Only the text should be kept: print every entry below exactly and leave each image out.
==========
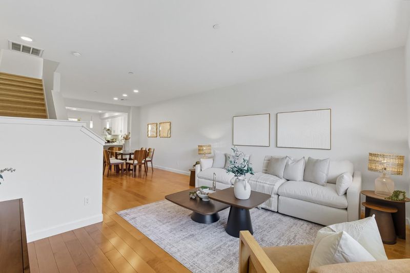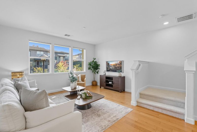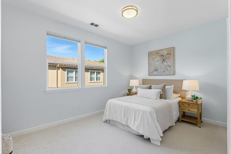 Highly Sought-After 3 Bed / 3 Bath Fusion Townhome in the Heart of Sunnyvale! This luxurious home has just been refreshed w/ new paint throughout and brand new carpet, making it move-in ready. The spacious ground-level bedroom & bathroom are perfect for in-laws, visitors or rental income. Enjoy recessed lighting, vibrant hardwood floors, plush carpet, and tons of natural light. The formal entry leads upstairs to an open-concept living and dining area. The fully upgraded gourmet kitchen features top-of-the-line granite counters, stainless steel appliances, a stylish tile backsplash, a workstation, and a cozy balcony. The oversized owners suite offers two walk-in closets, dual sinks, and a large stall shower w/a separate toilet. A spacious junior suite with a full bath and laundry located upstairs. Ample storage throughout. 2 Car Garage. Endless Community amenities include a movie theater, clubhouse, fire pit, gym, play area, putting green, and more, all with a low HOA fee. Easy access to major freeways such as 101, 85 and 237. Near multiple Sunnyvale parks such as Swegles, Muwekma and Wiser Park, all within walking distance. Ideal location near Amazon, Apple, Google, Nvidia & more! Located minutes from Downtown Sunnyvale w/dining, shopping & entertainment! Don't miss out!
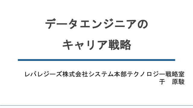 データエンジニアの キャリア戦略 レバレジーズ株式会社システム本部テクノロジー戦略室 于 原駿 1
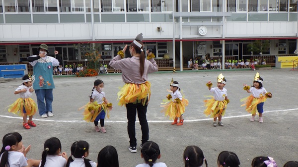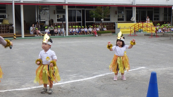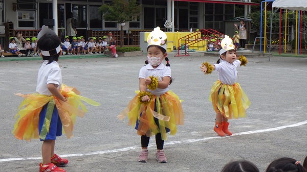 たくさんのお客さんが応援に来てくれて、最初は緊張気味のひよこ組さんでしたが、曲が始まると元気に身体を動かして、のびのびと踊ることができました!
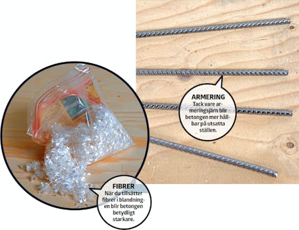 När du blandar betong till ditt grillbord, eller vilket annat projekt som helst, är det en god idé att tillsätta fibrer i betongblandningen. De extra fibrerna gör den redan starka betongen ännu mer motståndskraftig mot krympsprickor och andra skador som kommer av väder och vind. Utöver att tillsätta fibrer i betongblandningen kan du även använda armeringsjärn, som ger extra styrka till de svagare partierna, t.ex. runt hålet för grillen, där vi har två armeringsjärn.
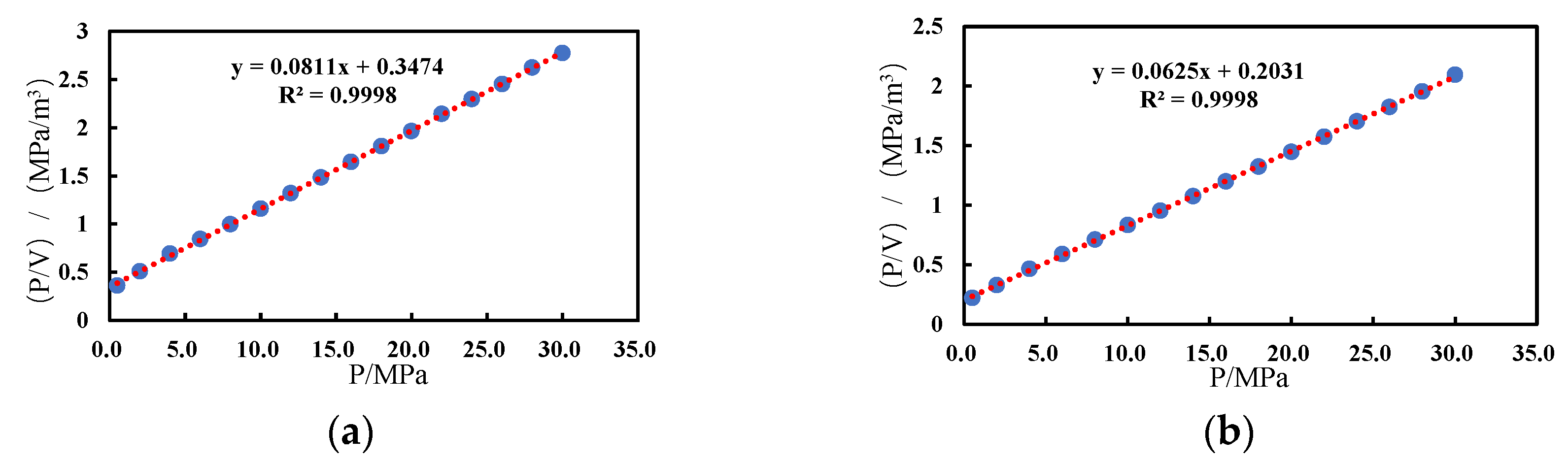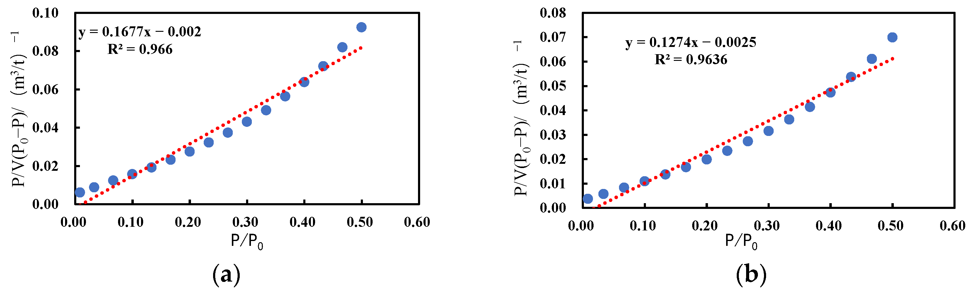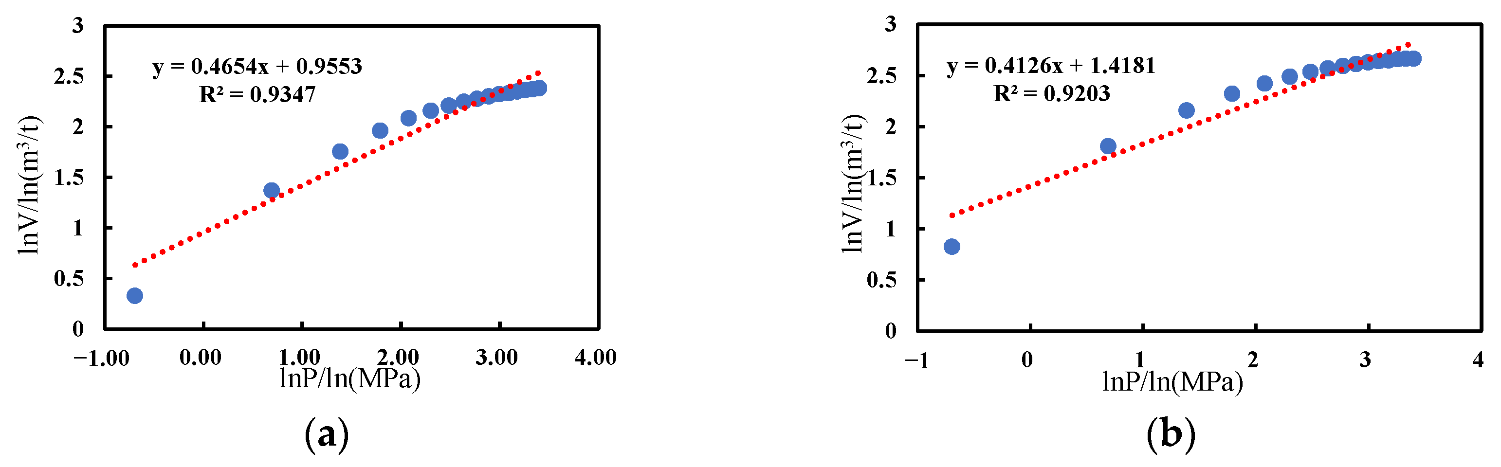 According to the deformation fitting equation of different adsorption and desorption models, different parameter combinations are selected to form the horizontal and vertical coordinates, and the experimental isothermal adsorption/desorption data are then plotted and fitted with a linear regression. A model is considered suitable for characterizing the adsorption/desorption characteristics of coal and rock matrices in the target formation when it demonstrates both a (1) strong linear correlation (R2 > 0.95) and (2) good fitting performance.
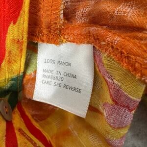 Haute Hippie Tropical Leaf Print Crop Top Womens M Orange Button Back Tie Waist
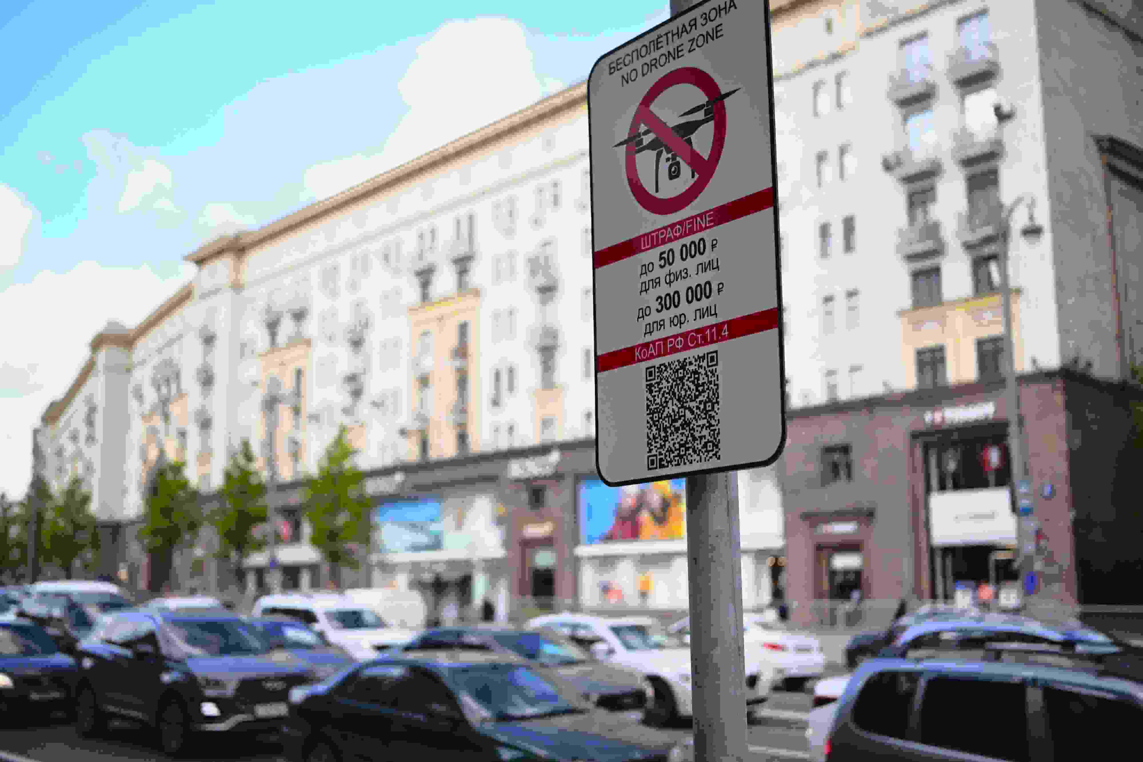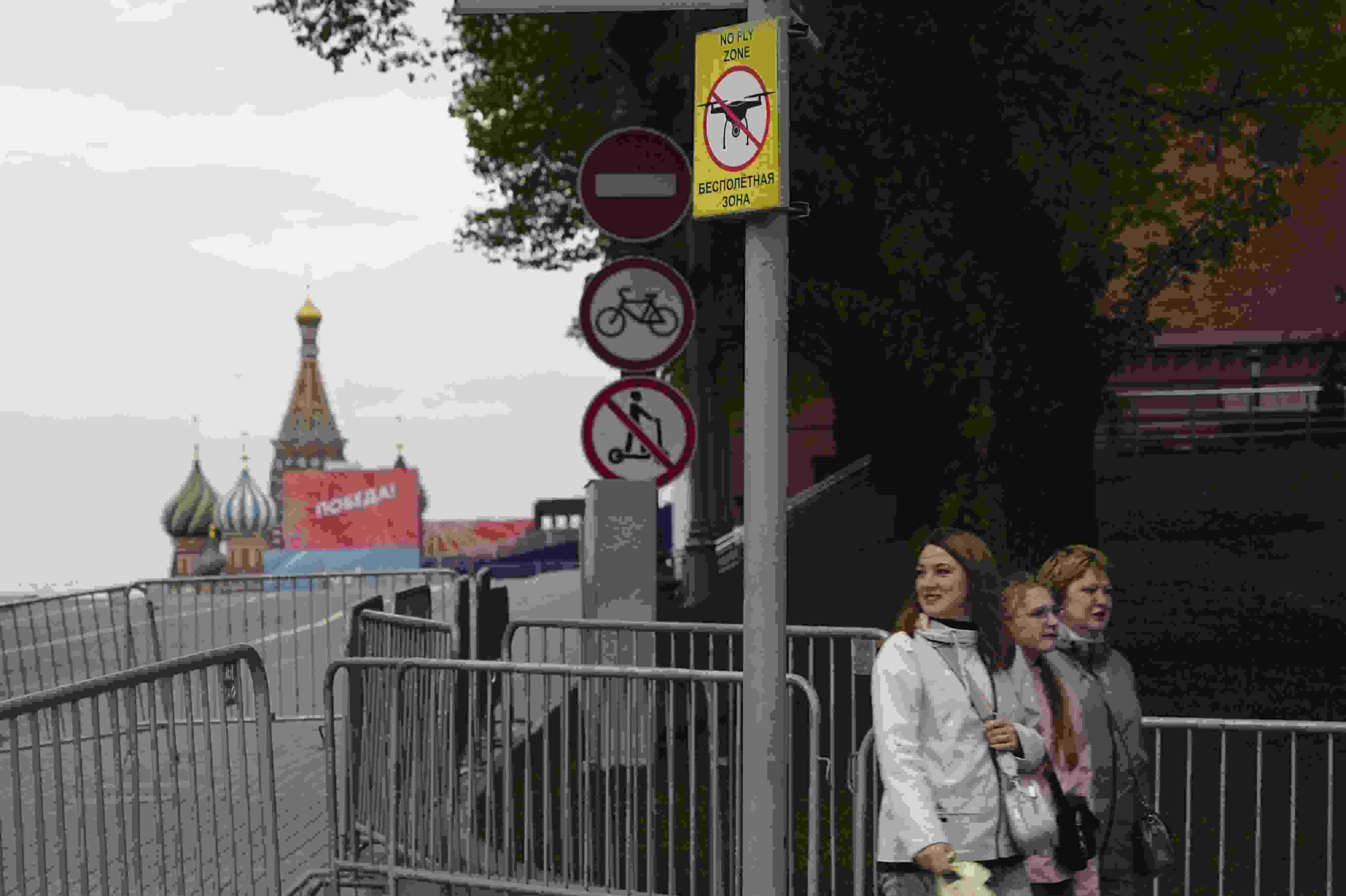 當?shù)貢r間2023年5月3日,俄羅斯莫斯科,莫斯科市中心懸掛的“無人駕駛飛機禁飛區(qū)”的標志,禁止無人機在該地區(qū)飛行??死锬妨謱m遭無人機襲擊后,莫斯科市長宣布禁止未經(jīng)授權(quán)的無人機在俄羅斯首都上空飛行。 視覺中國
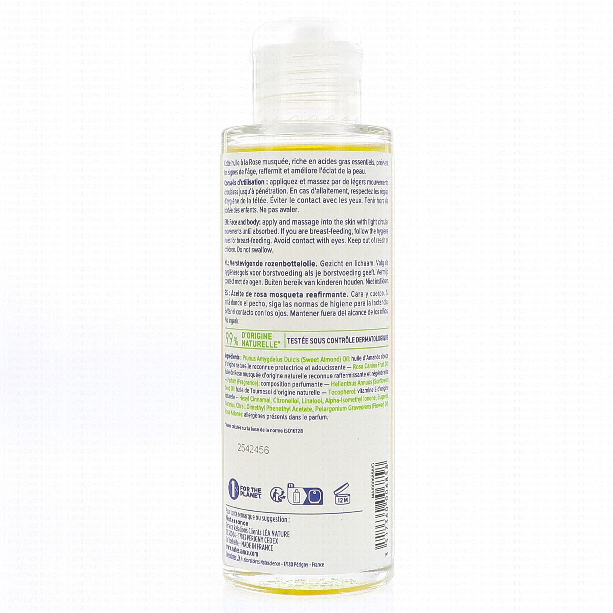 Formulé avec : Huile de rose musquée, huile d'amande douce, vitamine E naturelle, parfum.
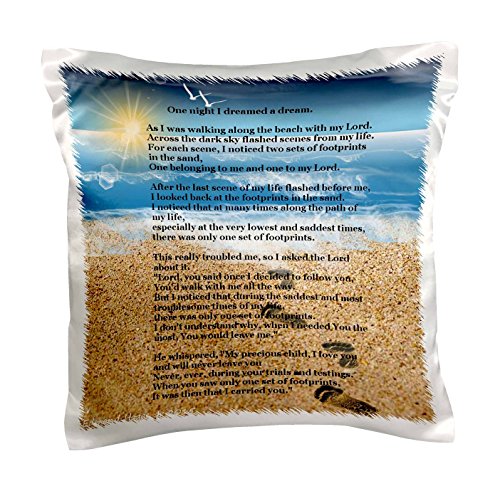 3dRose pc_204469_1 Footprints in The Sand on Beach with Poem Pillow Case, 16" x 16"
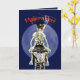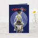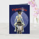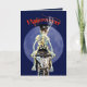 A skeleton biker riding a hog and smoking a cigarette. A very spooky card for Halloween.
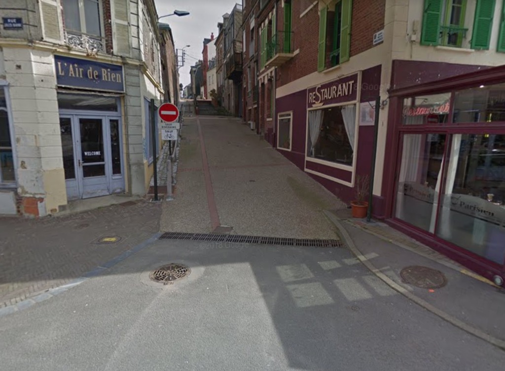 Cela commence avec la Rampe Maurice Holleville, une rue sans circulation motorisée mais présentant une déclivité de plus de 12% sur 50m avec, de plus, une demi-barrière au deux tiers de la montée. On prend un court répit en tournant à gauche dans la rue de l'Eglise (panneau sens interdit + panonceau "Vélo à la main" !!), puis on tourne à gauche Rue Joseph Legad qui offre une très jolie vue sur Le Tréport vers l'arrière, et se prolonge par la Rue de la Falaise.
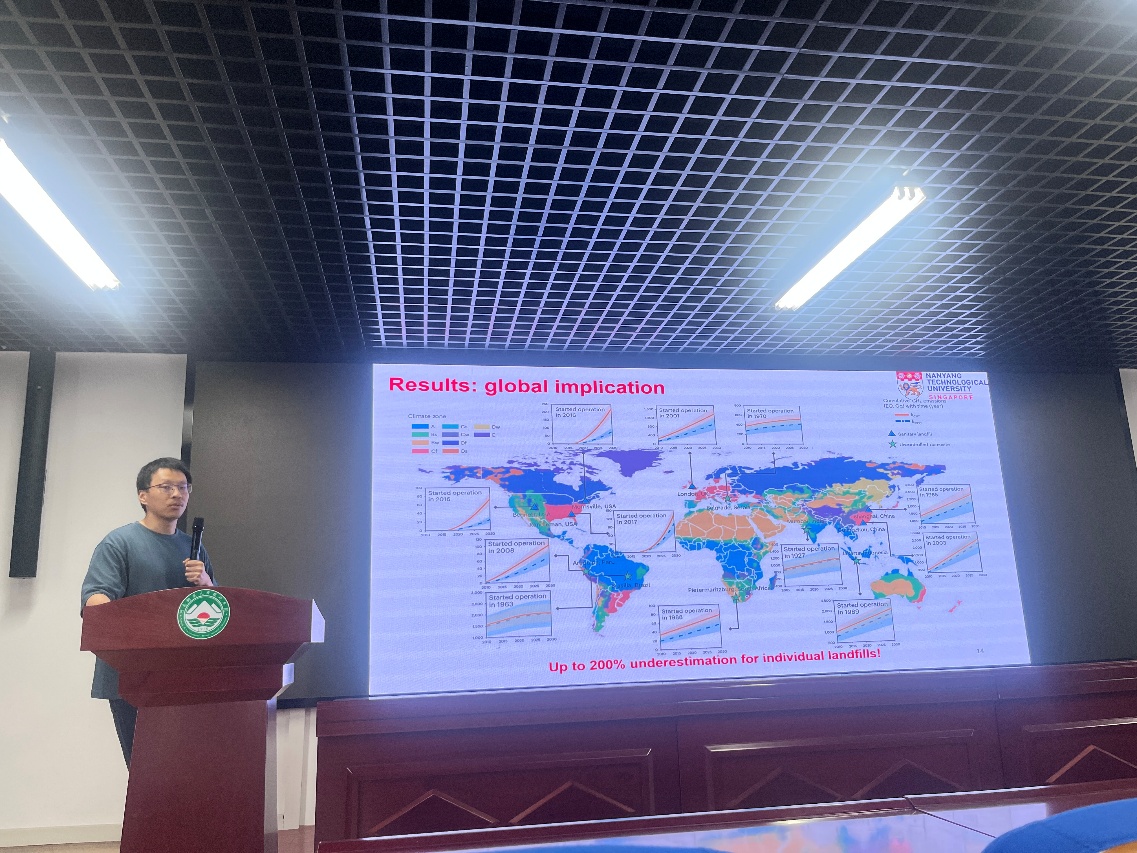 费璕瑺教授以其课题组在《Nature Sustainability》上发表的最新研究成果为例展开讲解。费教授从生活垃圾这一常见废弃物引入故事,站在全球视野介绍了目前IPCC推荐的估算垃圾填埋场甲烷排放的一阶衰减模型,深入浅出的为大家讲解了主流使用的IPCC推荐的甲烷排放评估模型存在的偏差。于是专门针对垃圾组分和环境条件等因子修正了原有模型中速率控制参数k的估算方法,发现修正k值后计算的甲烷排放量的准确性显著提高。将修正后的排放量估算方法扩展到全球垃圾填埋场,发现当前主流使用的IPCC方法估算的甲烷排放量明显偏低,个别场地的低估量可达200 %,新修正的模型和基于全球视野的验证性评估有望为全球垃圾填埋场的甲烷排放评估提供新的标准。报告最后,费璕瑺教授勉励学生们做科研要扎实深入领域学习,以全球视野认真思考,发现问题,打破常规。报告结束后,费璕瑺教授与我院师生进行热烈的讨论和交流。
==========
● Solved problem:
 Highly Sought-After 3 Bed / 3 Bath Fusion Townhome in the Heart of Sunnyvale! This luxurious home has just been refreshed w/ new paint throughout and brand new carpet, making it move-in ready. The spacious ground-level bedroom & bathroom are perfect for in-laws, visitors or rental income. Enjoy recessed lighting, vibrant hardwood floors, plush carpet, and tons of natural light. The formal entry leads upstairs to an open-concept living and dining area. The fully upgraded gourmet kitchen features top-of-the-line granite counters, stainless steel appliances, a stylish tile backsplash, a workstation, and a cozy balcony. The oversized owners suite offers two walk-in closets, dual sinks, and a large stall shower w/a separate toilet. A spacious junior suite with a full bath and laundry located upstairs. Ample storage throughout. 2 Car Garage. Endless Community amenities include a movie theater, clubhouse, fire pit, gym, play area, putting green, and more, all with a low HOA fee. Easy access to major freeways such as 101, 85 and 237. Near multiple Sunnyvale parks such as Swegles, Muwekma and Wiser Park, all within walking distance. Ideal location near Amazon, Apple, Google, Nvidia & more! Located minutes from Downtown Sunnyvale w/dining, shopping & entertainment! Don't miss out!
 データエンジニアの キャリア戦略 レバレジーズ株式会社システム本部テクノロジー戦略室 于 原駿 1
 たくさんのお客さんが応援に来てくれて、最初は緊張気味のひよこ組さんでしたが、曲が始まると元気に身体を動かして、のびのびと踊ることができました!
 När du blandar betong till ditt grillbord, eller vilket annat projekt som helst, är det en god idé att tillsätta fibrer i betongblandningen. De extra fibrerna gör den redan starka betongen ännu mer motståndskraftig mot krympsprickor och andra skador som kommer av väder och vind. Utöver att tillsätta fibrer i betongblandningen kan du även använda armeringsjärn, som ger extra styrka till de svagare partierna, t.ex. runt hålet för grillen, där vi har två armeringsjärn.
 According to the deformation fitting equation of different adsorption and desorption models, different parameter combinations are selected to form the horizontal and vertical coordinates, and the experimental isothermal adsorption/desorption data are then plotted and fitted with a linear regression. A model is considered suitable for characterizing the adsorption/desorption characteristics of coal and rock matrices in the target formation when it demonstrates both a (1) strong linear correlation (R2 > 0.95) and (2) good fitting performance.
 Haute Hippie Tropical Leaf Print Crop Top Womens M Orange Button Back Tie Waist
 當?shù)貢r間2023年5月3日,俄羅斯莫斯科,莫斯科市中心懸掛的“無人駕駛飛機禁飛區(qū)”的標志,禁止無人機在該地區(qū)飛行??死锬妨謱m遭無人機襲擊后,莫斯科市長宣布禁止未經(jīng)授權(quán)的無人機在俄羅斯首都上空飛行。 視覺中國
 Formulé avec : Huile de rose musquée, huile d'amande douce, vitamine E naturelle, parfum.
 3dRose pc_204469_1 Footprints in The Sand on Beach with Poem Pillow Case, 16" x 16"
 A skeleton biker riding a hog and smoking a cigarette. A very spooky card for Halloween.
 Cela commence avec la Rampe Maurice Holleville, une rue sans circulation motorisée mais présentant une déclivité de plus de 12% sur 50m avec, de plus, une demi-barrière au deux tiers de la montée. On prend un court répit en tournant à gauche dans la rue de l'Eglise (panneau sens interdit + panonceau "Vélo à la main" !!), puis on tourne à gauche Rue Joseph Legad qui offre une très jolie vue sur Le Tréport vers l'arrière, et se prolonge par la Rue de la Falaise.
 费璕瑺教授以其课题组在《Nature Sustainability》上发表的最新研究成果为例展开讲解。费教授从生活垃圾这一常见废弃物引入故事,站在全球视野介绍了目前IPCC推荐的估算垃圾填埋场甲烷排放的一阶衰减模型,深入浅出的为大家讲解了主流使用的IPCC推荐的甲烷排放评估模型存在的偏差。于是专门针对垃圾组分和环境条件等因子修正了原有模型中速率控制参数k的估算方法,发现修正k值后计算的甲烷排放量的准确性显著提高。将修正后的排放量估算方法扩展到全球垃圾填埋场,发现当前主流使用的IPCC方法估算的甲烷排放量明显偏低,个别场地的低估量可达200 %,新修正的模型和基于全球视野的验证性评估有望为全球垃圾填埋场的甲烷排放评估提供新的标准。报告最后,费璕瑺教授勉励学生们做科研要扎实深入领域学习,以全球视野认真思考,发现问题,打破常规。报告结束后,费璕瑺教授与我院师生进行热烈的讨论和交流。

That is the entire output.